Опубликовано в журнале Арион, номер 3, 2008
А.А.Вслед за знаменитым нашим звукоархивистом Львом Шиловым (а тот, как я понимаю, следом за проф. Сергеем Игнатьевичем Бернштейном, в 1918 году создавшим в Петрограде Институт живого слова) ты записываешь чтение стихов множества поэтов — часть этих записей можно найти на сайте “Нового мира”, часть ты демонстрируешь в ходе специальных выступлений, часть вышла уже отдельными дисками, масса других хранится у тебя на полках.
Так вот, давай начнем с вопроса: а что, собственно, ты записываешь? Стихотворение, как оно есть? Одну из версий стихотворения, озвученную поэтом? Или его выступление — своего рода минимальный вариант перформанса?
П.К.Наверное, я записываю все разом: и стихотворение, и его версию, и некое выступление, декламацию, если угодно. Но я бы на твоем месте спросил о другом: а почему ты, мол, видео не записываешь? Ведь это же теперь так доступно, и намного богаче: разом и мимика, и жесты, и голос…
И ответил бы я тебе так: а потому, что все как раз наоборот — голос богаче видеозаписи. Он заставляет домысливать, моделировать образ человека…
А.А. …как черно-белое фото богаче цветного.
П.К.Ну да. И это возможно именно потому, что образ, черты личности — причем не только видимые, но и скрытые, потаенные, — удивительным образом запечатлеваются именно в голосе. Ну, вот хотя бы записи Пастернака. В них столько неожиданно детского — чего ты ни на одной фотографии не увидишь. Потому что, как справедливо где-то заметил, кажется, Сергей Гандлевский, искренним человек не бывает почти никогда, даже когда он, бреясь, смотрит в зеркало. Он и тут старается придать своему лицу наиболее “выгодное” положение (правда, непонятно, перед кем). А уж тем более перед камерой…
То есть я записываю поэтов. А в более узком смысле — неповторимый момент времени, именно неповторимый. Потому что завтра тот же поэт то же самое стихотворение может прочесть чуточку иначе.
А вообще записанный поэтический голос, когда его слушаешь, похож на рассматривание рукописей. Не тех, конечно, что выписываются нарочно, скажем, на фронтиспис поэтической книжной серии “Пушкинского фонда”, и даже не тех черновиков, которые нынче сплошь и рядом делаются с любовью к себе, с оглядкой на то самое “зеркало” — ну, скажем, на будущую музейную витринку. А вот — как Пушкин чиркал пером, он ведь не знал тогда о Пушкинском Доме… В авторском чтении стихотворение сохраняет что-то от момента своего зарождения, так же, как и черновик. К этому мы еще можем вернуться.

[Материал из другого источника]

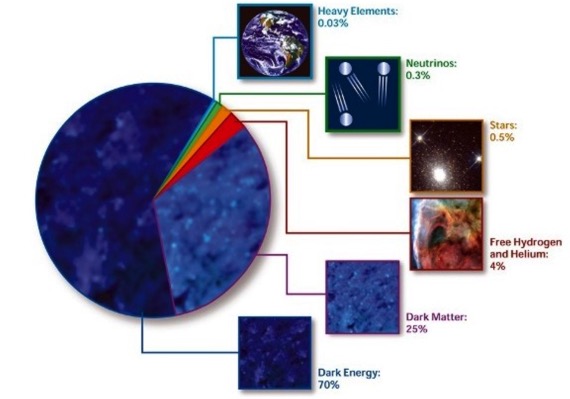 Lastly, in the last two decades, there have been overwhelming indications that dark matter contributes to the major part of Omega of the Universe. The above figure on the left shows the observed fraction of elements (in shaded red vertical bar) as a function of the baryon density. Compered to the critical density (the vertical black line), Omega baryon only counts for 4.6% to the total Omega. The right figure shows the combined results of three observations : CMB doppler peak, distant Supernovae, and the large scale structure, all indicating the striking facts: (1) The total Omega is critical (= 1.0) as predicted by the Inflation, (2) Omega_Matter = 0.27 and (3) Omega_Dark_Energy = 0.73. This means that there is a missing component in Omega_Matter = 0.27 - 0.046 ~ 0.23 that must be the Omega_Dark_Matter. The below figure illustrates the pie chart of the contribution of each component to the total Omega.

А.А.Ну, читающий вслух поэт тоже без зеркала не обходится, тоже красуется сплошь и рядом. Я тут вычитал у Шилова, что, оказывается, Эдисона с его “У Мэри была овечка” опередил французский поэт Шарль Кро, подавший заявку на “палеофон”, только та завалялась во французской Академии. Не знаю, была ли она состоятельна в техническом отношении, но вот то, что о способе запечатлеть свой голос озаботился именно поэт, мне кажется закономерным. Масса стихотворцев читать свои творения вслух просто обожает. В редакции “Ариона”, кстати, это пресекается. Не то чтоб у нас надпись “Стихов не читать!” висела, а в смысле на предложение “давайте я вам прочту” мы всегда говорим “нет”. (Единственное исключение, помнится, мы делали для Рейна, его ведь все равно не остановишь… Да и читает он хорошо.)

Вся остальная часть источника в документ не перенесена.